As OPEC continues to remove production from the global market, the increase in shale production, despite its best efforts, will not and cannot fill that void. Recent increases in efficiencies of shale rigs are being offset by the high cost of labor, rising oil service costs as well as the steep shale oil decline rate. Wood Mackenzie says that project and service cost will rise by 15 and 40 percent.

Big oil’s earnings have done well by cutting costs and moving production as they look to shore up profits at the expense of oil discoveries that have fallen to the lowest level in history. Big oil is back as Chevron and Exxon beat expectations but those profits came at the expense of future oil production. Chevron made $2.3 billion in the first quarter of this year, compared to a loss of $725 million in the same period in 2016. Its cash flow more than tripled to $3.9 billion. Exxon’s profits more than doubled to $4 billion in the first quarter, year-on-year. Big oil has now embraced cheap shale for quick profit turnaround at the expense of long term sustainable projects that are needed to meet the growing demand curve that we will be seeing.

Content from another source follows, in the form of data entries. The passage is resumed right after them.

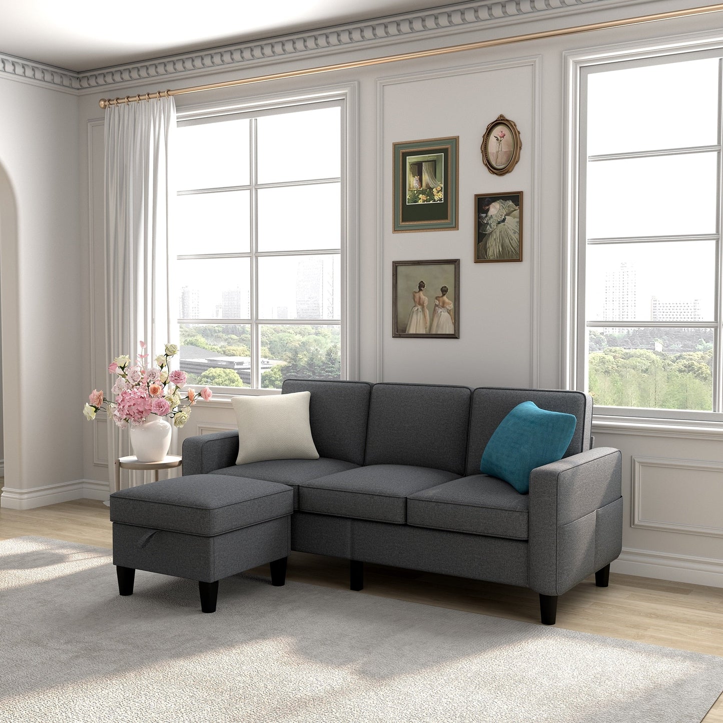 Soft Fabric Convertible Modular Sofa and...
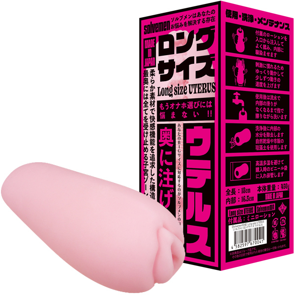 「底を突き破ってしまう…」という長い男性のお悩みに、イボ×ウテルス構造のロングオナホ(ローション付)。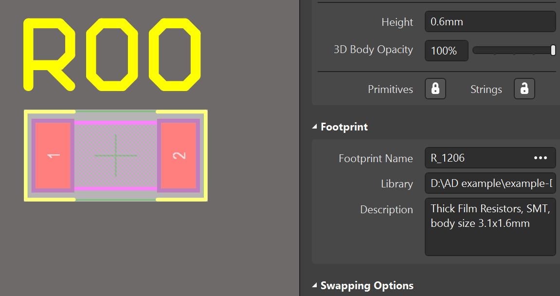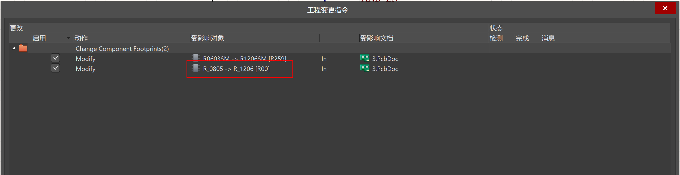 設計中對某一個元器件的封裝進行更換(原理圖符號關聯的封裝由封裝A更改為封裝B)之后執行update PCB,原封裝無法被新封裝替換。見圖1,R00的封裝由0805更改為1206,原理圖中查看該元件,封裝已被替換,但是update PCB后,R00的封裝依然是0805,見圖2。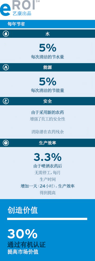 客户的新产品系列获得了有机认证。此外,由于在施用杀虫剂之后无需停产,该公司每月的生产时间增加了一天(24小时),将生产力提高了3.3%。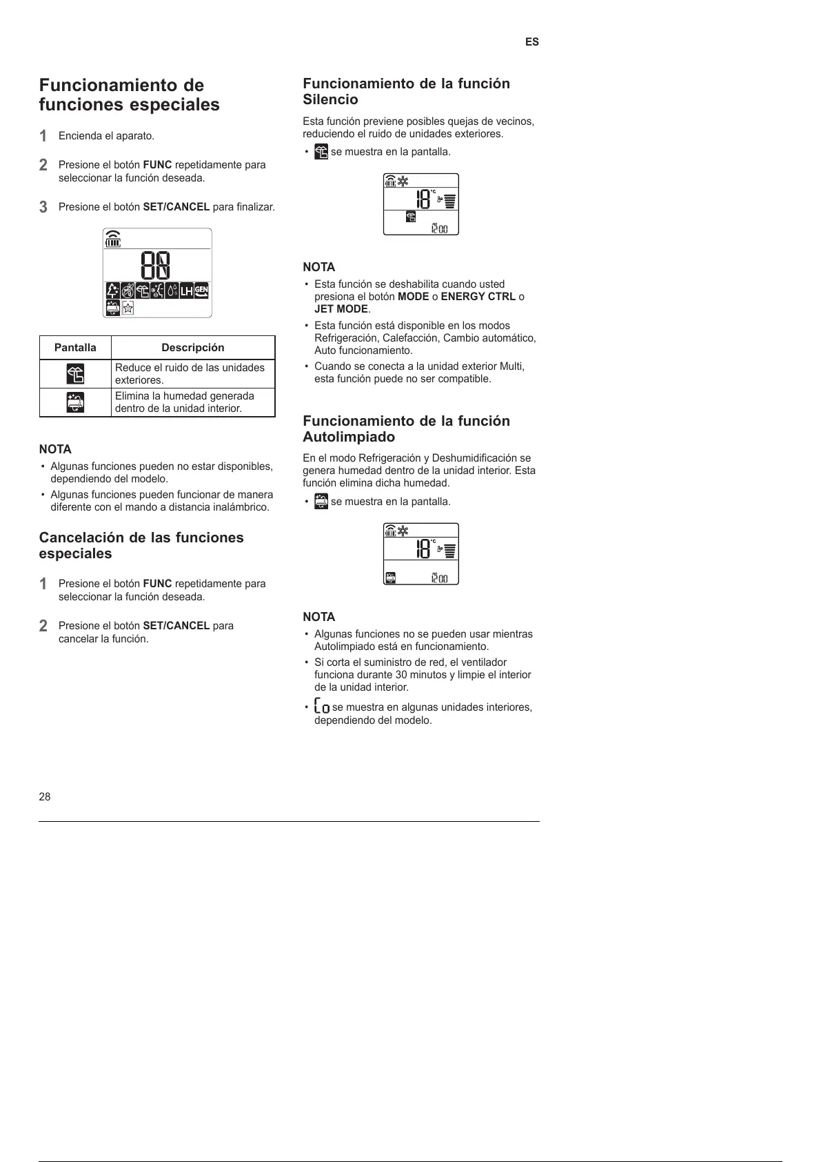 • Algunas funciones no se pueden usar mientras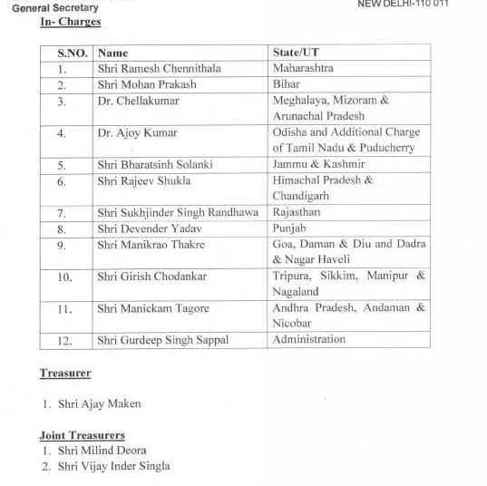 पार्टी ने वरिष्ठ नेता मुकुल वासनिक को गुजरात का प्रभार सौंपा है. रणदीप सिंह सुरजेवाला को कर्नाटक का प्रभारी नियुक्त किया गया है. जयराम रमेश को संचार प्रभारी महासचिव नियुक्त किया गया है. केसी वेणुगोपाल संगठन के प्रभारी महासचिव की भूमिका निभाएंगे. प्रियंका गांधी को कोई विभाग नहीं सौंपा गया है.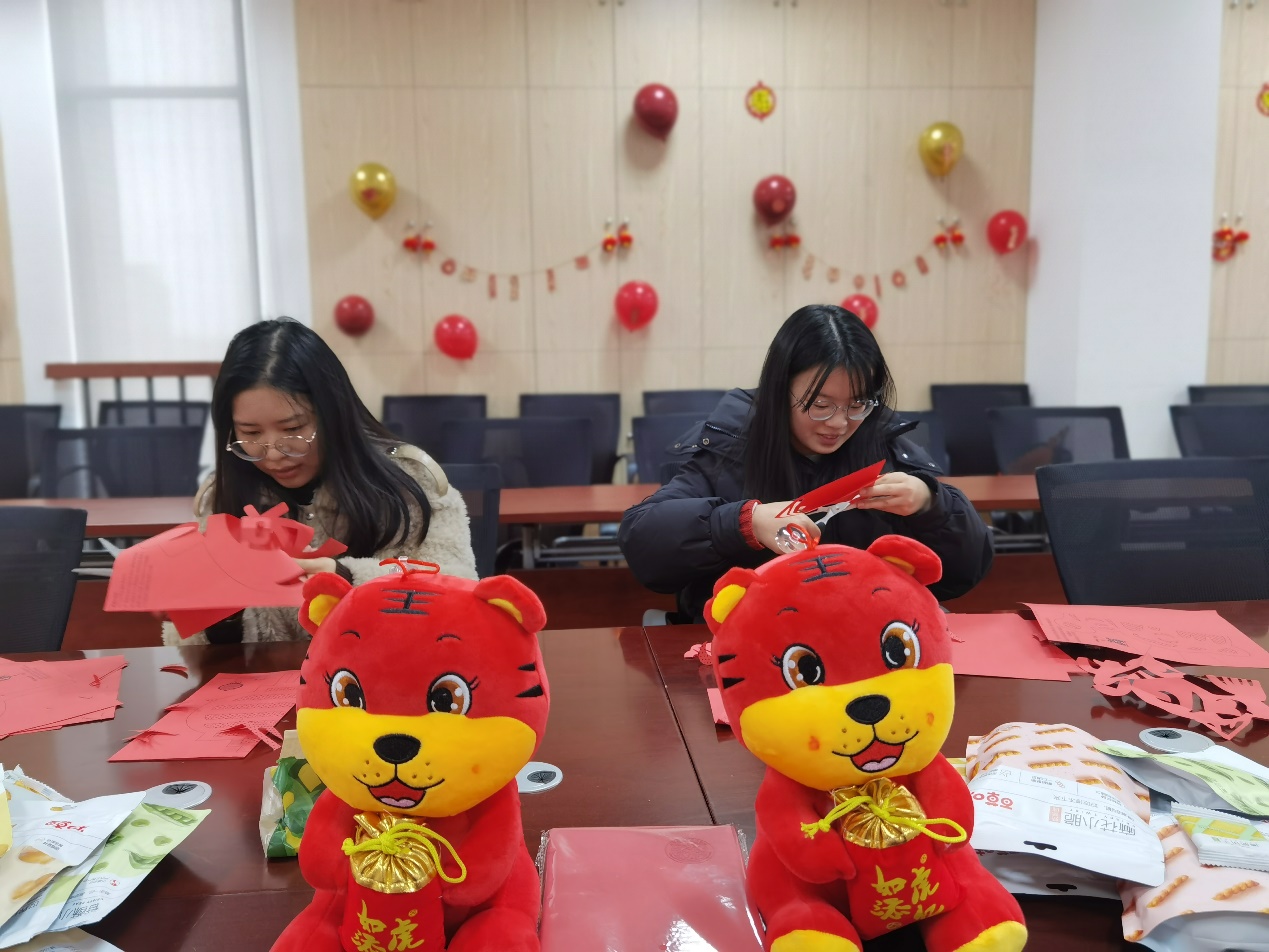 为丰富留校员工寒假生活,欢度壬寅虎年春节,2月2日大年初二上午,公司在电计楼B402会议室举办了留校员工迎春剪纸活动,留校同学在浓厚的节日氛围中亲身感受我国传统文化的魅力,增强了文化自信。
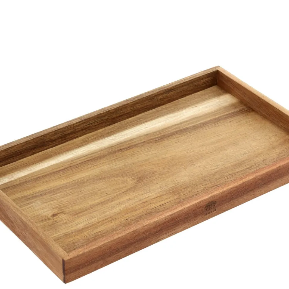 Bakke i akacietræ. Kun fantasien sætter grænser for hvad bakken skal bruges til i køkkenet. Den er perfekt både til organisering af olier, eddiker, krydderier og krydderurter og til servering af snacks. 35 x 20 x 3 cm.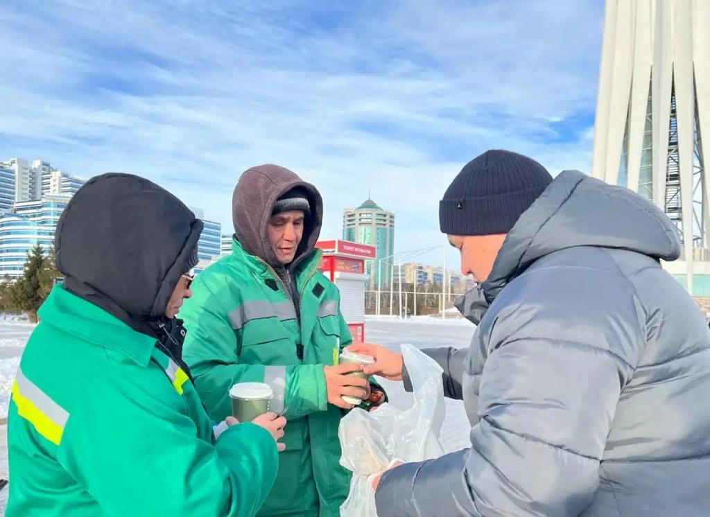 «Сегодня совместно с местными предпринимателями раздаем горячий чай и еду работникам коммунальных служб, которые трудятся в круглосуточном режиме. Это наша маленькая забота о тех людях, чья работа часто остаётся незамеченной, но она крайне важна для города и общества. Благодаря их труду наш город остается чистым и комфортным для всех», — отметил руководитель отдела внутренней политики акимата района Есиль Али Жолтабар.

U.S. production is up 327,000 barrels a day from last year and that is a small part of the Organization of Petroleum Exporting Countries (OPEC) 1.2 million barrels per day cut and does not even cover the 558,000 barrels per day non-OPEC cut. On top of that, as drilling costs rise, the break even on shale projects may slow the amount of shale projects and may make some banks think twice about extending money to drillers that are pumping more oil but losing money on every barrel.